Burundi, along with Rwanda, achieved full independence from Belgium in 1962. However, the country was not left with a viable administration. In October 1965 a group of Hutu military officers staged an unsuccessful coup dtat directed at the Tutsi-dominated government. The mutineers took a big gamble and lost. And the losses far exceeded the revenge Tutsis exacted upon the Hutu community. In addition to exterminating the entire first generation of Hutu military officers and political leaders, an estimated 5000 Hutu civilians lost their lives in the capital of Bujumbura alone at the hands of local civilian defense groups organized under the supervision of the Tutsi army and governor. A military coup deposed King Mwami in 1966. King Mwami's son, who led the coup, took the throne, but was himself deposed by another military coup in the same year. The weakened monarchy was overthrown in 1966 by then Prime Minister, Captain Michel Micombero. Now president, Micombero abolished the monarchy and declared Burundi a republic with himself as president.

Although Micomberos government included Hutu cabinet ministers, the government firmly remained in Tutsi hands. Civil unrest continued throughout the late 1960s and early 1970s. The Tutsi, who were still in power, fearing that the Hutu were planning an uprising similar to the earlier one in Rwanda, made a preemptive strike.
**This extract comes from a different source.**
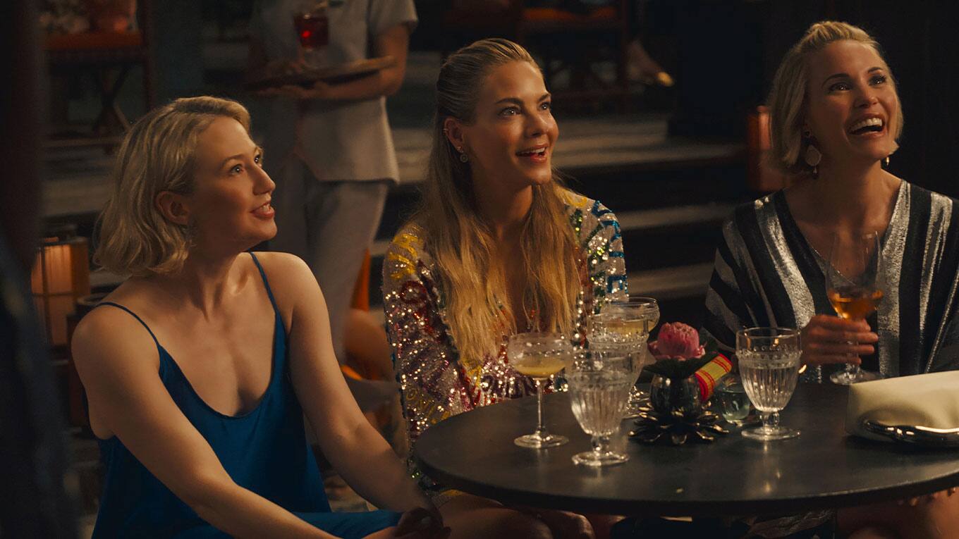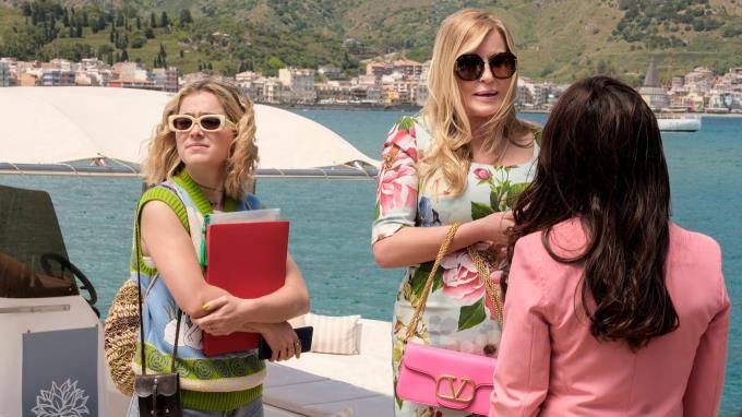 Romantikreise zu dritt: Tanya (Jennifer Coolidge, M.) hat außer ihrem Mann auch ihre Assistentin Portia (Haley Lu Richardson, l.) mit in den Urlaub genommen.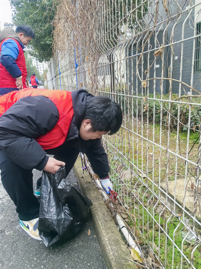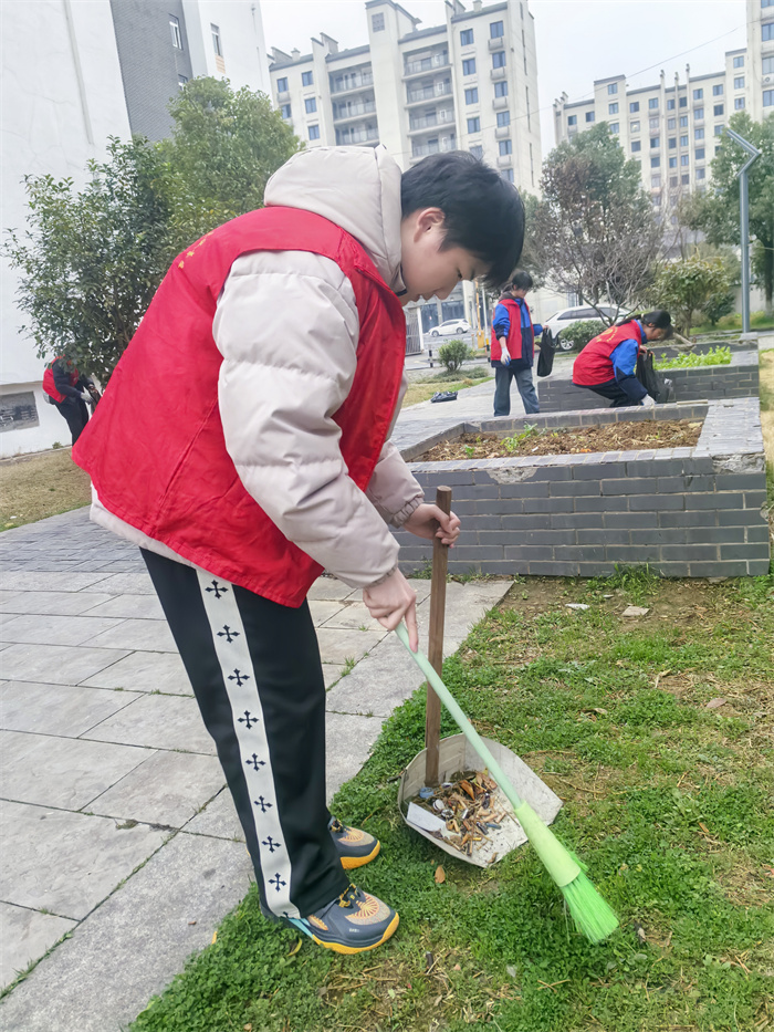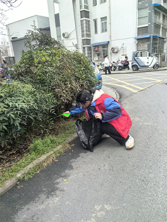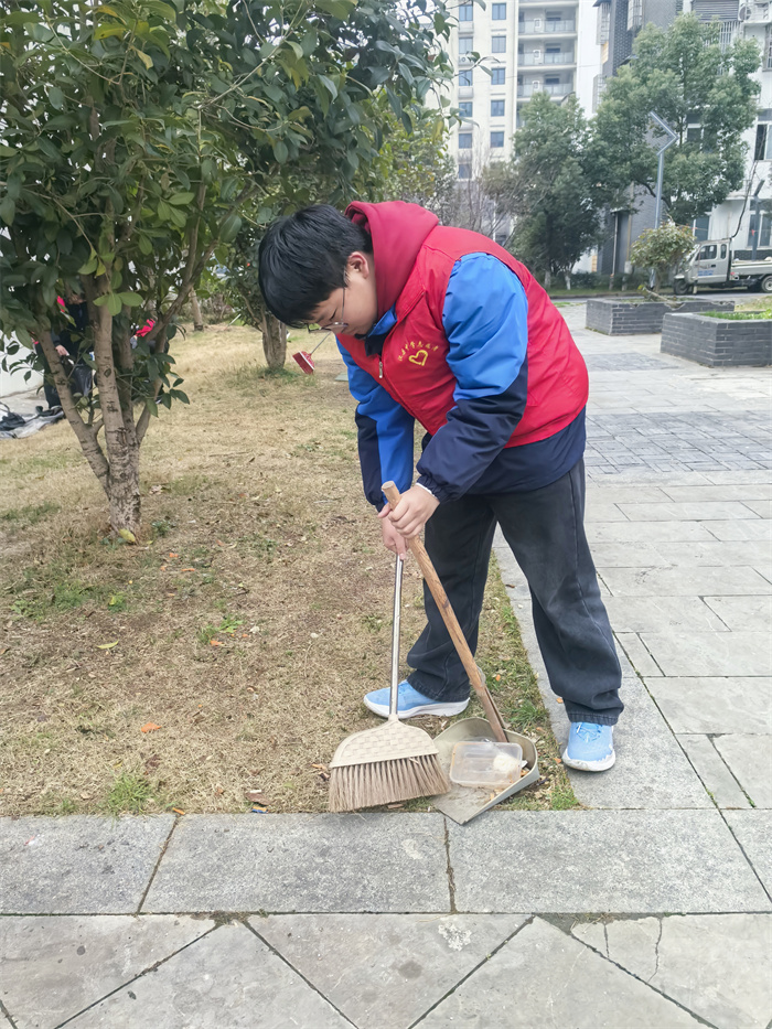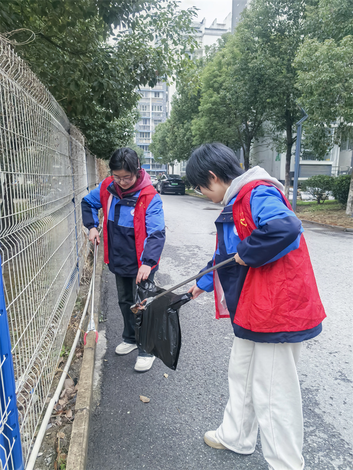 大课间一到,来自高二(2)班的志愿者们迅速集合,身着红色志愿背心,手持扫帚、垃圾袋、垃圾夹子等清洁工具,奔赴龙井苑小区。在小区道路上,志愿者们清扫落叶、烟头和杂物,认真细致,不放过任何一个角落。在绿化带中,志愿者们仔细清理隐藏在草丛里的垃圾。有的同学弯腰徒手捡起烟头、纸屑,有的同学用夹子夹起塑料瓶、包装袋。在清理过程中,大家还不忘向居民宣传环保知识,倡导大家爱护环境,从自身做起,共同维护小区的美好环境。

They systematically killed a vast number of the Burundi Hutu-probably more than one hundred thousand, perhaps as many as two hundred thousand - while the world community hardly uttered a protest.

Other accounts relate that the Hutus launched an unsuccessful rebellion against the Tutsi minority's domination of the country in an attempt to restore King Ntare V to power. In April 1972, Hutus trained outside the country carried out a massacre of several thousand Tutsi men, women and children in the region adjoining Lake Tanganyika in the south, while other armed groups attempted attacks in Bujumbura, Gitega and Cankuzo. The Micombero regime responded with a genocidal repression that is estimated to have caused over a hundred thousand victims and forced several hundred thousand Hutus into exile. The rebellion led to 10,000 Tutsi dead and 150,000 Hutu were murdered a year later.

This rebellion triggered the flight of hundreds of thousands of Burundians. Hutus with any degree of education who did not manage to flee into exile were systematically killed all through the country, down to high school students. The repression, which went on for months, was denounced at the United Nations by the Government of Rwanda. In that country persecution of Tutsis was intensified, and a coup the following year led to the military dictatorship of Juvnal Habyarimana, who was to rule until his death in 1994. His regime continued the pogroms against Tutsis, who continued to flee the country by the thousands.

In contrast to the two previous rebellions, the 1972 uprising was organized on a much broader and more violent scale. The former US Ambassador to Burundi (1969-1972), Thomas Melady, described the 1972 Tutsi-Hutu strife as . . . one of the worst bloodbaths of this century and one of the least known. According to the U.S. Ambassador, The severity of the Tutsi response was probably rooted in the fear that such a plot would result in the wholesale killing or expulsion of Tutsis. It is reported that President Micombero and other Tutsi leaders felt there was a vast Hutu conspiracy to eliminate them once and for all.

In the aftermath of the repression in Burundi, Hutus were deprived of all effective political power, down to the local level. This situation did not change substantially under the dictatorship of Jean-Baptiste Bagaza, another Hima Tutsi officer who overthrew Micombero in 1976 and who, like him, led a one-party Government that drew support from the Eastern Block. However, no ethnic massacres took place under his rule.

Traditional tribal enmity flared up whenever there was a government too weak to control the hostilities. The Hutu and Tutsi were still at odds as sporadic warfare continued.